Protesters force one-day logging halt in Toolangi

February 13, 2014
Toolangi state forest.

Two protesters chained themselves to a gate, preventing VicForests contractors from accessing a logging coupe for the day in the Toolangi State Forest north of Melbourne, on February 7.

The Toolangi State Forest is one of the few areas of forest unburned by the 2009 Black Saturday fire. Environmental campaigners have called for its incorporation into a proposed Great Forest National Park. It has been estimated that only 1% of the old growth tall forests of the central highlands area is left.

Green Left Weekly spoke to one of the protesters, Harley, about the protest at the “Mosquito” coupe, which he said is only one of a number of coupes currently being logged by VicForests contractors.

“There are some trees 70 years old, and some up to 150 years old in the coupe,” he said.

“There's lots of ‘stags’ — old trees that are dead, that provide a home for the Leadbeater's Possum and the Sooty Owl. There's a rainforest gully and through the creek in it there may be barred galaxia, an endangered fish. When you log a coupe, it has a massive effect on the rainforest gully, it dries it out.”

Harley said the protesters were concerned the contractors were logging too close to the rainforest gully, which is supposed to have a 40 metre buffer zone.

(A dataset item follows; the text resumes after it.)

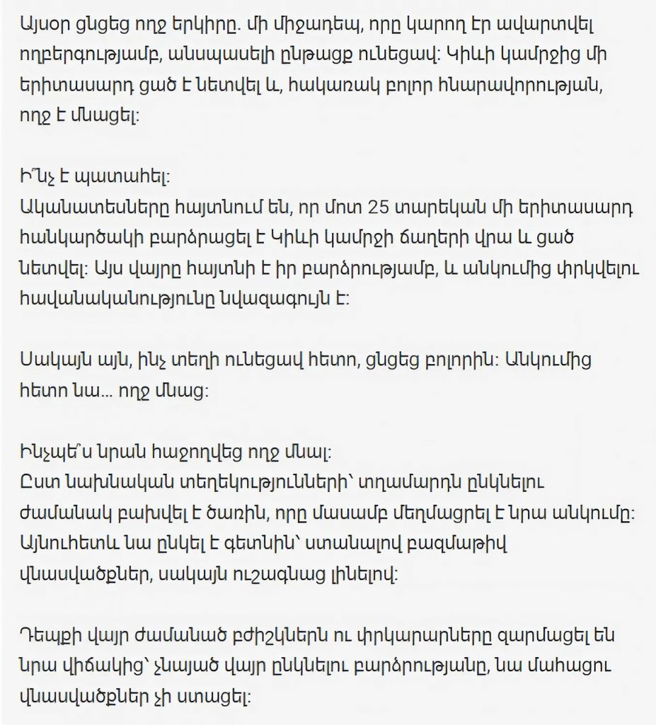 Но то, что случилось дальше, шокировало всех. После падения он… остался жив.

Harley said the police arrested the two protesters who had locked themselves to either side of the gate, but the protest prevented any work on the coupe for the day. The two locked-on protesters had supporters present, as the gate was not in the Public Safety Zone where the public are not allowed.

“VicForests has chopped the gate out, and they threw it into the rainforest gully. Thats a big ‘stuff you, we don't care’. You'd think a big company like that would have the respect to take the equipment with them instead of dumping it,” Harley said.

Harley asked supporters to raise awareness by spreading the word. “It's less than an hour and 20 minutes from Melbourne, it's in our backyard. The more people that know about it, the bigger the campaign can get.”